Faced with this threat, Pedro Castillo accelerated his policy of conciliation with the economic powers, renouncing his already lukewarm campaign promises, giving out space to the most conservative sectors who continue to impose the political agenda in the country nowadays. This is why Castillo’s government is going from one setback to another, from crisis to crisis and the reason why the president’s popularity has declined exponentially.
In 8 months of administration, Pedro Castillo has changed 16 ministers and 4 premiers; we can say then that the threat of permanent vacancy is a conditioning tool to make the Executive poder move further to the right based on the “search for consensus”.
From the first day he assumed his mandate as President, Castillo maintained the validity of the current economic model, prioritizing large private foreign investment to the detriment of the interests and needs of the workers and the people. In addition to this, the government renounced its proposal for the Constituent Assembly and assumed the defense of the 1993 Fujimori Constitution, calling to build a great front for “governability” hand in hand with the national and foreign bourgeoisie, to which Pedro Castillo called on repeated occasions to invest in Peru, since his government declared itself respectful of the rules established in the Constitution of 1993.
Today, Castillo maintains the presidential sash, but he has to pay favors, cede quotas of power, free dictators, continue guaranteeing continuity and forget about the changes he promised. It is no coincidence then that at the same moment and almost silently the ruling of the Constitutional Court in favor of Fujimori’s pardon was confirmed.
Unity and Mobilization against the Pardon and the Constituent Assembly
The Castillo government does not deserve the slightest confidence from us and we do not expect from it any measure that would really benefit the working people; in spite of this, we categorically reject the presidential vacancy since – as we said – this is a reactionary and anti-democratic way out that is aimed at strengthening the ultra-right even more.
We also reiterate the call to the workers, the popular sectors hit by the crisis, the peasants and the youth, to take up once again the mobilization that puts ahead an agenda of their own, of the workers and the people and the need to take up again the struggle for the Free and Sovereign Constituent Assembly. This is a necessary response to overcome the recurrent crises of the Executive power and the current delegitimization of the parliament also expressed in the weakening of public institutions, political parties and their main figures, all acting with their backs turned to the needs of the great majorities.
For us this Constituent Assembly is a step towards the struggle for a government of the workers and the popular sectors, which should also have the power to implement an emergency plan that puts the demands of the great majorities first. We must bring about the broadest unity of political, social, trade union, peasant and student movements to confront impunity and find a political solution.

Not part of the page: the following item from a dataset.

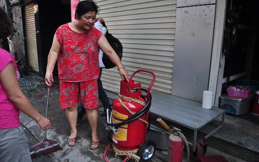 | Chủ ngôi nhà số 3 Triều Khúc cho biết phải mua thêm bình cứu hỏa cỡ lớn về dập lửa trong khi chờ lực lượng chữa cháy. Tuy nhiên, vật liệu cháy là dây điện bằng nhựa nên cháy rất dữ dội không thể kiểm soát được. |
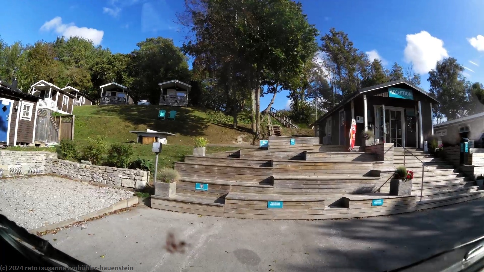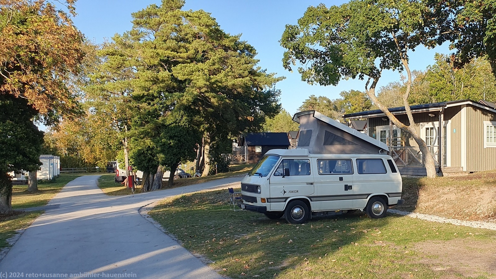 gegen 13 uhr setzen wir uns ins restaurant und essen eine kleinigkeit. die fähre ist gut besetzt, es ist nicht einfach, im restaurant einen freien sitzplatz zu finden. als wir fertig sind mit essen, entdecken wir freie sitze am fenster. hier geniessen wir kaffee und einen muffin. wir schauen noch einmal die websites der campingplätze auf gotland an und kommen zum selben schluss wie gestern: der einzige platz, der noch offen hat, ist der strandby am nördlichen stadtrand von visby. wir machen eine buchung für drei nächte. für den rest der überfahrt liest susanne, ich arbeite am computer. etwa 20 minuten vor der geplanten ankunft packen wir zusammen und kehren zum auto zurück. das entladen geht zügig. fünf minuten nach der geplanten ankunftszeit sind wir schon von bord. die fahrt zum campingplatz dauert knapp zehn minuten. zu unserer überraschung ist die reception offen. wir hatten die website so verstanden, dass diese ab heute geschlossen sei.

We ratify that the current situation in our country does not admit superficial changes, but deep changes that turn the tables, so that those who have never governed can govern. Let’s put forward the broadest mobilization to recover our natural and energy resources to achieve national development to restore justice, against impunity, for a free and sovereign Peru. On this road we call on you to walk together in the exciting task of fighting for what is indispensable, that the future of the country be decided by the working people.